Aim of the task: Extract the run of lines that starts at the top of the records below and ends at the line with "Vous pouvez changer", keeping both ends and excluding pictures.

[Records drawn from a dataset]
════
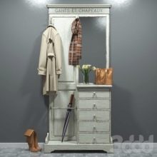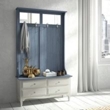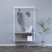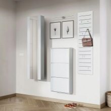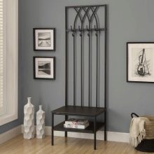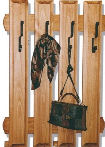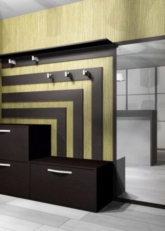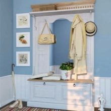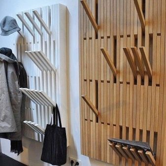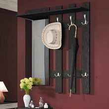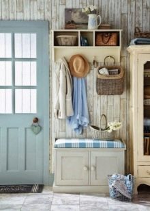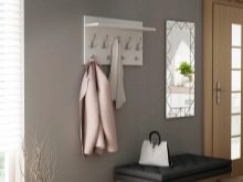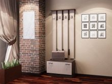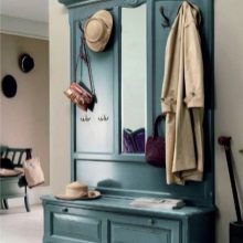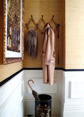 - Wandaufhänger kann in Form eines Klappbretts mit Haken für Kleidung dekoriert werden. Diese Option sieht jedoch so prägnant aus, dass es bevorzugt wird, sie in einer Zusammensetzung aus mehreren Lamellen anzuordnen, die in unterschiedlichen Höhen entlang einer Wand angeordnet sind, oder mit einem offenen Regal mit Scharnier zu kombinieren. Dieses Modell wird durch andere Möbel wie eine Ottomane, ein Schuhregal oder einen Spiegel ergänzt.
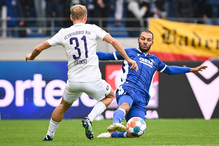 Der Veilchen-Kader ist vielfältig. Zwei Akteure stechen dabei besonders ins Auge: Vereinslegende Martin Männel und Talent Nicolas-Gerrit Kühn. Martin Männel ist seit 2008 nicht nur die unangefochtene Nummer eins, sondern auch das Gesicht der Auer Mannschaft. Bis zum Aufeinandertreffen mit dem KSC hat Männel bereits unfassbare 455 Spiele für Erzgebirge Aue absolviert, 141-mal blieb er ohne Gegentor. Die historischste Partie war für ihn vermutlich das Duell mit dem 1. FC Heidenheim im Mai 2015. In der 88. Minute erzielte der Torhüter nach einer Ecke von Selcuk Alibaz per Kopf den 2:2-Ausgleich. Wenige Wochen später wurde Männel zum Kapitän der Veilchen gewählt. Zuletzt fehlte der 33-Jährige im Auer Tor wegen einer Coronainfektion, im Normalfall ist er aber auch noch nach sieben Jahren Kapitän sowie Ansprechpartner für jüngere Spieler. Einer dieser „jungen“ Akteure ist der 22-jährige Nicolas-Gerrit Kühn. Kühn wurde bei RB Leipzig ausgebildet und machte seine ersten Profispiele zwischen 2018 und 2020 bei Ajax Amsterdam. In dieser Zeit wurde er 2019 mit der goldenen Fritz-Walter-Medaille zum deutschen Nachwuchsspieler des Jahres ausgezeichnet. Aktuell steht Kühn bei der zweiten Mannschaft des FC Bayern unter Vertrag und spielt auf Leihbasis im Erzgebirge. Im bisherigen Saisonverlauf kommt der Offensivspieler auf einen Kicker-Notendurchschnitt von 3,28 und ist damit vor Männel (3,31) der bestbewertete Auer. Zusätzlich ist er mit seinen sechs Torbeteiligungen neben Dimitri Nazarov der Top-Scorer unseres Gegners.
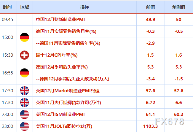 数据公司IHS Markit稍早表示,12月美国制造业采购经理人指数(PMI)终值为57.7,但仍处于扩张区间,初值为57.8。11月建筑支出增长0.4%,预估为增长0.6%。
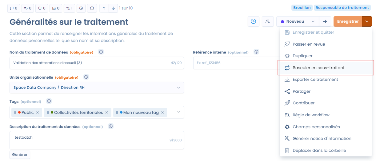 Vous pouvez changer de type de traitement en cliquant sur "Basculer en sous-traitant" ou "Basculer en responsable de traitement" :&#x20;
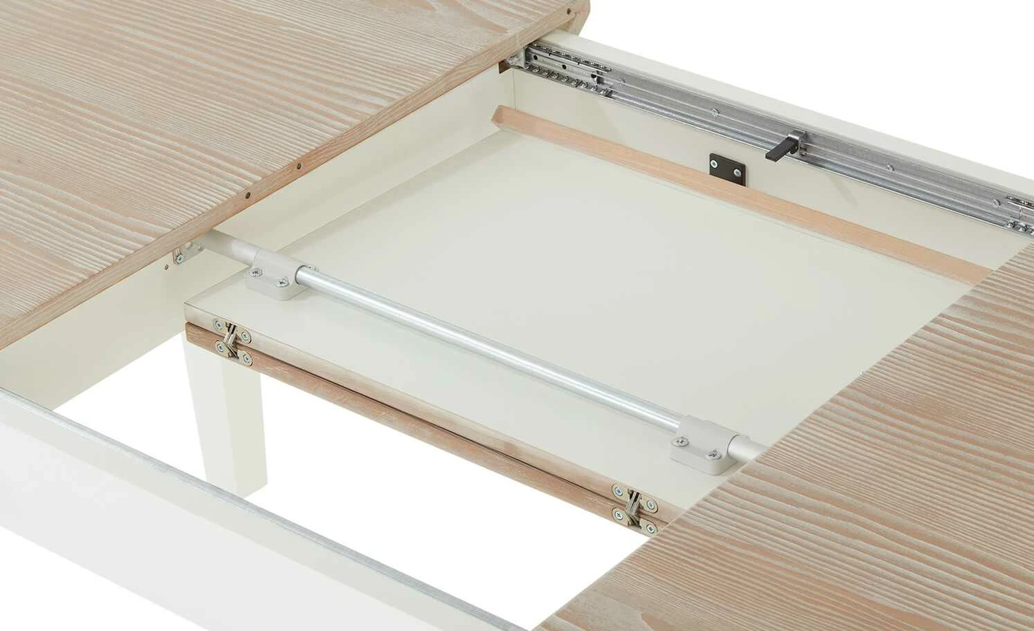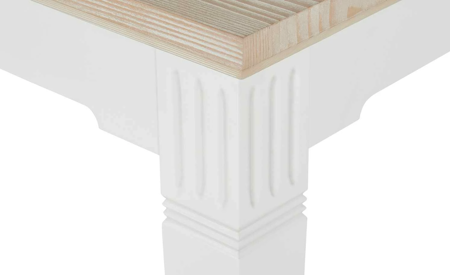 - Mehr zum Material: Gestell: MDF (Mitteldichte Faserplatte) lackiert in Weiß, Tischplatte: Fichte furniert, gebürstet und gekälkt in Antik Braun
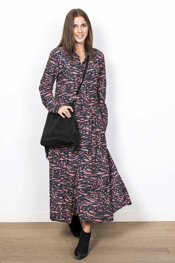 Maxi jurk met zebra print, Materiaal: 70% viscose, 30% polyester, Kleur: zwart/rose
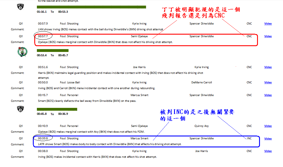 在之前分享的動圖裡面丁丁被明顯犯規是被塞隊#37的 Semi Ojeleye (在殘判報告 00:57.7的那一項,被判為CNC)犯的,而報告裡面列為INC的則是再後面的一個丁丁上籃被塞隊#36 Marcus Smart的犯規(在殘判報告 00:39.8 的那一項),問題是被判INC的這個根本無關緊要,因為那一球碰到籃框又被小哈給補進了,而真正在之前被嚴重犯規的那一個讓塞隊5打4拿了三分才是關鍵,更可笑的是被判CNC的理由是說:“ Ojeleye (BOS) makes MARGINAL contact with Dinwiddie (BKN) that does not affect his driving shot attempt. ”(塞隊的Ojeleye 只有和丁丁身體些微接觸並不會影響到他上籃的動作)100%澈澈底底睜著眼睛說瞎話的大謊話,國外網友說的沒錯:這場比賽的NBA殘判就是眼瞎了,NBA官方就是恬不知恥!
════
Solution for this problem:
 - Wandaufhänger kann in Form eines Klappbretts mit Haken für Kleidung dekoriert werden. Diese Option sieht jedoch so prägnant aus, dass es bevorzugt wird, sie in einer Zusammensetzung aus mehreren Lamellen anzuordnen, die in unterschiedlichen Höhen entlang einer Wand angeordnet sind, oder mit einem offenen Regal mit Scharnier zu kombinieren. Dieses Modell wird durch andere Möbel wie eine Ottomane, ein Schuhregal oder einen Spiegel ergänzt.
 Der Veilchen-Kader ist vielfältig. Zwei Akteure stechen dabei besonders ins Auge: Vereinslegende Martin Männel und Talent Nicolas-Gerrit Kühn. Martin Männel ist seit 2008 nicht nur die unangefochtene Nummer eins, sondern auch das Gesicht der Auer Mannschaft. Bis zum Aufeinandertreffen mit dem KSC hat Männel bereits unfassbare 455 Spiele für Erzgebirge Aue absolviert, 141-mal blieb er ohne Gegentor. Die historischste Partie war für ihn vermutlich das Duell mit dem 1. FC Heidenheim im Mai 2015. In der 88. Minute erzielte der Torhüter nach einer Ecke von Selcuk Alibaz per Kopf den 2:2-Ausgleich. Wenige Wochen später wurde Männel zum Kapitän der Veilchen gewählt. Zuletzt fehlte der 33-Jährige im Auer Tor wegen einer Coronainfektion, im Normalfall ist er aber auch noch nach sieben Jahren Kapitän sowie Ansprechpartner für jüngere Spieler. Einer dieser „jungen“ Akteure ist der 22-jährige Nicolas-Gerrit Kühn. Kühn wurde bei RB Leipzig ausgebildet und machte seine ersten Profispiele zwischen 2018 und 2020 bei Ajax Amsterdam. In dieser Zeit wurde er 2019 mit der goldenen Fritz-Walter-Medaille zum deutschen Nachwuchsspieler des Jahres ausgezeichnet. Aktuell steht Kühn bei der zweiten Mannschaft des FC Bayern unter Vertrag und spielt auf Leihbasis im Erzgebirge. Im bisherigen Saisonverlauf kommt der Offensivspieler auf einen Kicker-Notendurchschnitt von 3,28 und ist damit vor Männel (3,31) der bestbewertete Auer. Zusätzlich ist er mit seinen sechs Torbeteiligungen neben Dimitri Nazarov der Top-Scorer unseres Gegners.
 数据公司IHS Markit稍早表示,12月美国制造业采购经理人指数(PMI)终值为57.7,但仍处于扩张区间,初值为57.8。11月建筑支出增长0.4%,预估为增长0.6%。
 Vous pouvez changer de type de traitement en cliquant sur "Basculer en sous-traitant" ou "Basculer en responsable de traitement" :&#x20;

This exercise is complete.